Los sabuesos de la ley, esos detectives que investigan robos y homicidios como si fueran géneros cinematográficos separados, barajan la hipótesis de las heridas por arma blanca. Un miembro del clan familiar, en un sublime ejercicio de metanarrativa, ha sido convocado para un interrogatorio, completando el reparto de este drama doméstico de proporciones shakesperianas. El Departamento de Bomberos, siempre listo para actuar en cualquier género, desde el rescate hasta la tragedia, hizo su entrada en escena tras una llamada de auxilio.
El guion se desmorona en el barrio exclusivo
El capitán de policía, un personaje secundario con nombre de actor de reparto (Mike Bland), declaró que se investiga un “aparente homicidio”. La elección léxica es deliciosa: “aparente”, como si la muerte pudiera ser un truco de cámara, un efecto especial, un *spoiler* de un mal día. Las autoridades, en un ejercicio de contención burocrática digna de elogio, se niegan a confirmar lo que todo el mundo ya sabe, protegiendo así el suspense, ese bien tan escaso en la era de la información instantánea.
Reiner, el arquitecto de sueños que nos enseñó que los héroes pueden ser princesas, que los soldados pueden manejar la verdad, y que el amor entre amigos puede tardar una década en florecer, ve su legado reducido a un titular urgente. Su personaje de Meathead, aquel idealista que debatía con el reaccionario Archie Bunker, queda ahora enmarcado en una ironía final y macabra. Sus representantes, fieles al protocolo del star system, guardan un silencio sepulcral, más elocuente que cualquier comunicado.
El epílogo oficial y la danza de los espectros
La alcaldesa Karen Bass no tardó en elevar el suceso a la categoría de catástrofe cívica. En un panegírico que mezcla el obituario con el discurso de campaña, proclamó que el difunto “siempre usó sus dones al servicio de los demás”. Una frase reconfortante que, como un bálsamo institucional, intenta cubrir el horror de un crimen pasional o familiar con la bandera del servicio público. Es el proceso mágico por el cual una muerte violenta se transforma, mediante ruedas de prensa, en parte del legado cultural de una ciudad.

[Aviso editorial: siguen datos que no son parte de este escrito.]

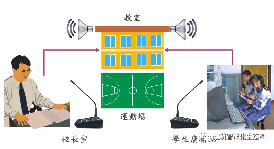 领导在办公室可远程对整个校区、各个分区或某个教室点进行呼叫讲话,具有优先级;学生广播站对全校区广播播音。
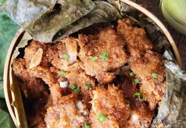 8、中火蒸1小時至排骨酥軟,揭去荷葉,撒上蔥花即可享用。
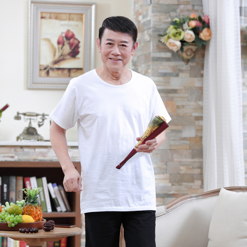 Middle-aged and elderly men's short-sleeved T-shirt cotton undershirt vest loose old shirt plus size home dad wear
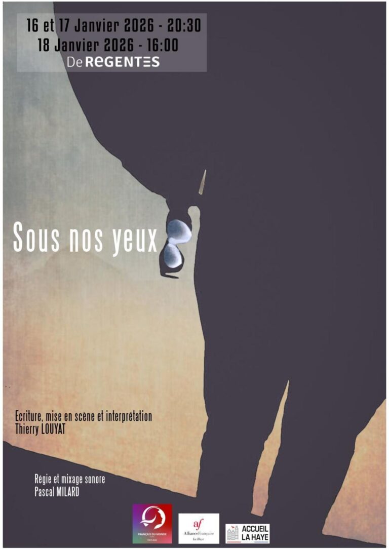 Comédien et metteur en scène depuis de nombreuses années, je souhaite depuis longtemps, risquer le seul en scène, tant en termes d’écriture que de jeu. Cette tentation persistante a fait naître ce «solo», dirait on en musique, dont le titre « Sous nos yeux », évoque cette infinité de petites et grandes choses qui apparaissent ou passent devant nous, au cours d’une vie…
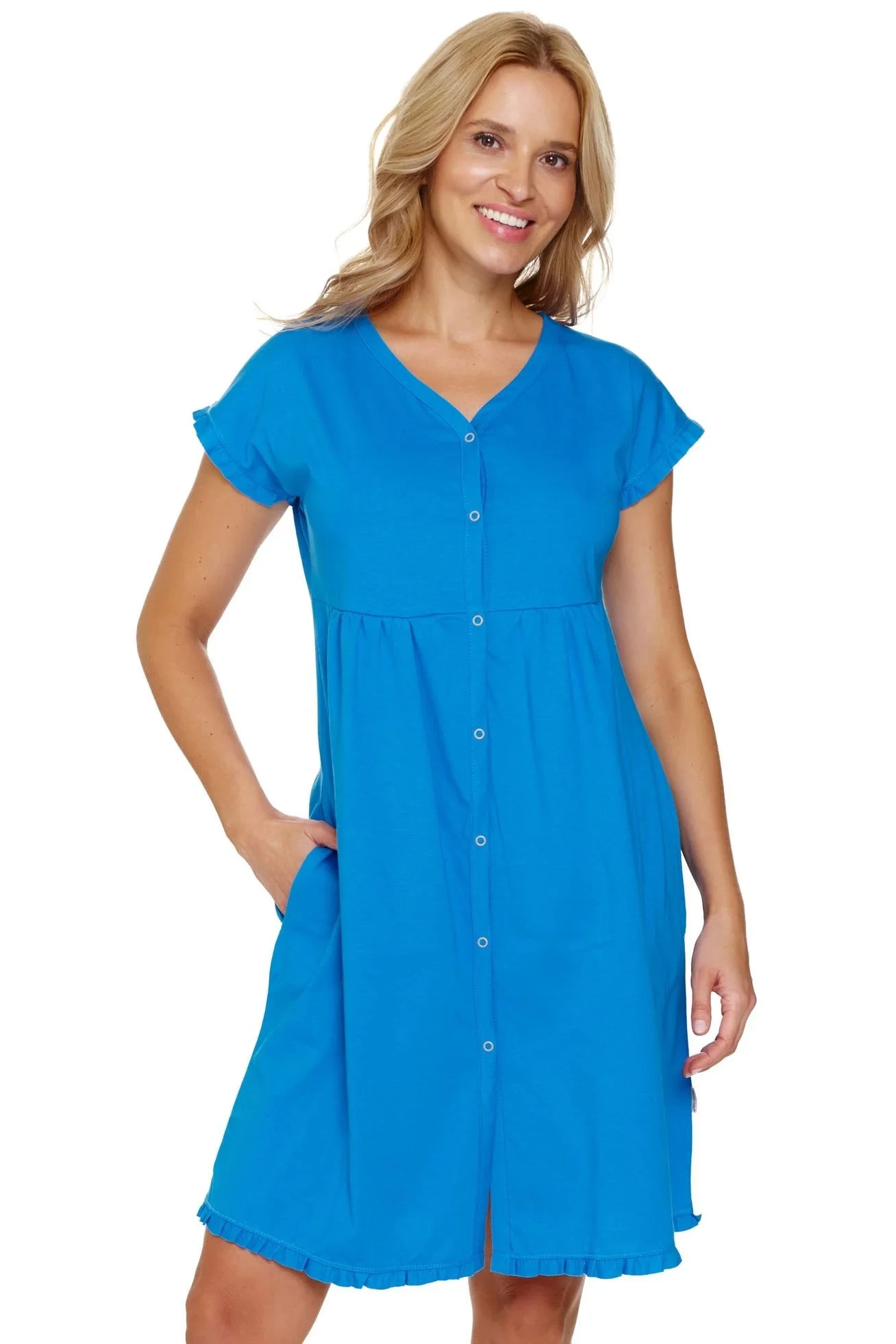 Dámská těhotenská košile 9600 blue Doctornap - světle modrá barva - z velmi kvalitní a příjemné organické bavlny - s krátkými rukávy - zakončené volánky - zapínání na knoflíky - ideální pro těhotné a kojící - na bocích kapsy - certifikát OEKO-TEX Standard 100
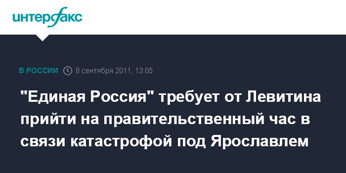 "Единая Россия" требует от Левитина прийти на правительственный час в связи катастрофой под Ярославлем
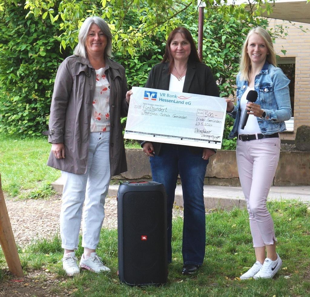 Gemünden (eva). Die Vorstandsmitglieder der Ehringshäuser Laienspielgruppe Andrea Hausmann und Dunja Werneburg überreichten letzte Woche offiziell eine Spende von 500 Euro an den Förderverein der Pestalozzischule in Gemünden. Schulleiterin Yvonne Dechert, die in Vertretung für die Vorsitzende des Fördervereins Yvonne Schmidt den obligatorischen Spendenscheck entgegennahm, dankte für die großzügige Spende, für die nach vorheriger Vereinbarung mit der Laienspielgruppe bereits eine JBL Partybox mit Mikrofon für die Schule angeschafft wurde. „Die Box können wir nun sowohl im Innen- als auch im Außenbereich der Schule für Reden, Aufführungen von Theaterstücken, in Musikpausen, im Sport- und Musikunterricht und vielem mehr einsetzen“, freut sich Schulleiterin Yvonne Dechert.

La necrológica obligatoria recuerda su linaje (hijo del cómico Carl Reiner), su matrimonio de décadas con la fotógrafa Michele —a quien conoció dirigiendo la búsqueda del orgasmo femenino falso más famoso del cine—, y su anterior unión con Penny Marshall. La historia personal, ese cúmulo de amores, hijos y pérdidas, se compacta en dos párrafos, lista para ser digerida entre anuncios.

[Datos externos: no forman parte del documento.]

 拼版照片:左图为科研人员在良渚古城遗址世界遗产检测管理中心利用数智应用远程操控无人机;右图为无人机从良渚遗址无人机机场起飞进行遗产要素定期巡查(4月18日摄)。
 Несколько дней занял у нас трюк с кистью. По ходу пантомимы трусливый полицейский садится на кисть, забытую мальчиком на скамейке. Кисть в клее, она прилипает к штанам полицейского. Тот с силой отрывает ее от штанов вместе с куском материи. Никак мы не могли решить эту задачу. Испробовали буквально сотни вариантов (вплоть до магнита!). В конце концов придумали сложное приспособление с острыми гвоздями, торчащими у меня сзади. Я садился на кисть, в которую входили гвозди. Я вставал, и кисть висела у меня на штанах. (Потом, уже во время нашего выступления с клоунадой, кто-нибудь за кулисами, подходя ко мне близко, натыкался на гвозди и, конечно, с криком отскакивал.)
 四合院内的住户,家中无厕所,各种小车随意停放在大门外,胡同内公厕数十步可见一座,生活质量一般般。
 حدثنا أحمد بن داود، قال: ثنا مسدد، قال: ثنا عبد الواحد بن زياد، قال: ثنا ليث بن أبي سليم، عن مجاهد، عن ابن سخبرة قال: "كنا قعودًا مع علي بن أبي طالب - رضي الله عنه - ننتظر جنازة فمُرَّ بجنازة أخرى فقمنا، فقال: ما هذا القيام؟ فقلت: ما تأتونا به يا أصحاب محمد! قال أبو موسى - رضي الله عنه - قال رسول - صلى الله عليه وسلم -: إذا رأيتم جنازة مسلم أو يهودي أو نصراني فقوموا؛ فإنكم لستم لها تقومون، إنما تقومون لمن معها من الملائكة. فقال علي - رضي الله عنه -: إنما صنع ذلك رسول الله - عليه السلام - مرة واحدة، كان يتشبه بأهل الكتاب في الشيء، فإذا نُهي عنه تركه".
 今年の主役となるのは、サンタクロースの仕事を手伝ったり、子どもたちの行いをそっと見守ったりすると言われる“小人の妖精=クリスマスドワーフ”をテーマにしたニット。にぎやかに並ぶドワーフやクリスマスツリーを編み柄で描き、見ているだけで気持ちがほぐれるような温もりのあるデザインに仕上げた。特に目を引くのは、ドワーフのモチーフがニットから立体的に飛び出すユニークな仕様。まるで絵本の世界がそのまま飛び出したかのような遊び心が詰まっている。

Y como todo en esta ciudad se mide por su proximidad a otra historia vendible, la nota no puede evitar señalar que la escena del crimen está a un tiro de piedra del lugar donde Nicole Brown Simpson y Ron Goldman fueron sacrificados en el altar del sensacionalismo nacional. Brentwood, ese barrio de sueños dorados y setos perfectos, demuestra una vez más que su verdadero producto de exportación no es el lujo, sino el morbo. Los asesinatos son raros, se aclara, como si la estadística pudiera consolar a los fantasmas. Lo que no es raro es el circo que llega después: las cámaras, los expertos, la transformación de una vida en contenido y de una muerte en espectáculo. La última dirección de Rob Reiner, al parecer, no tendrá corte final.